By Mike Greenblatt m.greenblatt@classicalite.com | Mar 06, 2016 03:10 PM EST
Henrik 'Harmonicus Rex' Meurkens (Photo : courtesy Jazz Promo Services)

When it comes to the use of the harmonica in jazz, one immediately thinks of the 93-year old Belgian master Toots Thielemans. Well, Toots has a musical son. Meet Hendrik Meurkens, also now known as Harmonicus Rex (Height Advantage Records).

Born in Germany, this New Yorker took Toots to heart after being a widely respected vibraphonist in the tradition of Bobby Hutcherson. In 1980, he went to Rio De Janeiro in Brazil to live and soak up the samba before moving back to Germany in 1983. In 1993, he made his New York splash, and remains there today. He's recorded 15 albums, and has been a sideman on projects by Herb Ellis, Ray Brown, Herbie Mann, Charlie Byrd, Monte Alexander, Harry "Sweets" Edison, Paquito D'Rivera and James Moody.

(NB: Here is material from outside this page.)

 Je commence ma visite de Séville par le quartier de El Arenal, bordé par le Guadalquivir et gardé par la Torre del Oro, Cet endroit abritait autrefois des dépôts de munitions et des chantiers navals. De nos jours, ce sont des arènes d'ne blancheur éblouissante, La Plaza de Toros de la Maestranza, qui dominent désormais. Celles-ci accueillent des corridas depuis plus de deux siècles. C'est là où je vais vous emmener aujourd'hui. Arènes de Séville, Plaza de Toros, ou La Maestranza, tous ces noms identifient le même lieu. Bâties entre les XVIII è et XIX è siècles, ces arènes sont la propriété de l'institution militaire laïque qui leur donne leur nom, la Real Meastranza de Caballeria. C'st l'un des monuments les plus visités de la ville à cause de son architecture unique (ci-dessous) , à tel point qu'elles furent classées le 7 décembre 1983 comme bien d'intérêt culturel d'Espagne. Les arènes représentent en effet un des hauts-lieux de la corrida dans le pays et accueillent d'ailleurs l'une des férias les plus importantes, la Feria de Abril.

Here, backed by the cream of the New York crop, including the legendary drummer Jimmy Cobb, he is heard on 11 selections: five originals, plus covers of Dave Brubeck ("In Your Own Sweet Way"), Milt Jackson ("SKJ"), Rodgers and Hart ("Falling In Love With Love"), Freddie Hubbard ("Up Jumped Spring") and two others.

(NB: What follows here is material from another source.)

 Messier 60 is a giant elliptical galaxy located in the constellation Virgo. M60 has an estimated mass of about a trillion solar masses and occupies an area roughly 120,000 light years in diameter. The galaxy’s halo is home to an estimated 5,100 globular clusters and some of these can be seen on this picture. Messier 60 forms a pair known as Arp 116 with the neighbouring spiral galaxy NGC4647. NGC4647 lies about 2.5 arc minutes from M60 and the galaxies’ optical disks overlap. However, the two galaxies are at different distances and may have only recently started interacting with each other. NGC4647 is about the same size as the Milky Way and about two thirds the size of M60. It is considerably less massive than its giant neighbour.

A word on Jimmy Cobb: the 87-year old drummed on one of the greatest jazz albums of all time, 1959's Kind of Blue by Miles Davis. He is the last surviving musician from that quintessential session. His work with Miles on Sketches of Spain and with artists as groundbreaking as John Coltrane, Dizzy Gillespie, Billie Holiday, David Amram and Sarah Vaughan only scratches the surface of his credits.

Joe Magnarelli provides trumpet and flugelhorn while Anders Bostrom sounds so cool on alto flute. Pianist Dado Moroni is as prevalent as Meurkens while bassist Marco Panascia plays off Cobb's drums beautifully.

Being partial to blues harp and players like Little Walter, James Cotton and Charlie Musselwhite, my highlight has to be "Mean Dog Blues" where that low-flying flute wrestles with Meurkens on the only blues herein. It makes for a strong triumvirate album-ender as it precedes "Darn That Dream" and "What's New." One more hip thing: the variety of hearing Henrik's harmonica in quartet, quintet and sextet settings.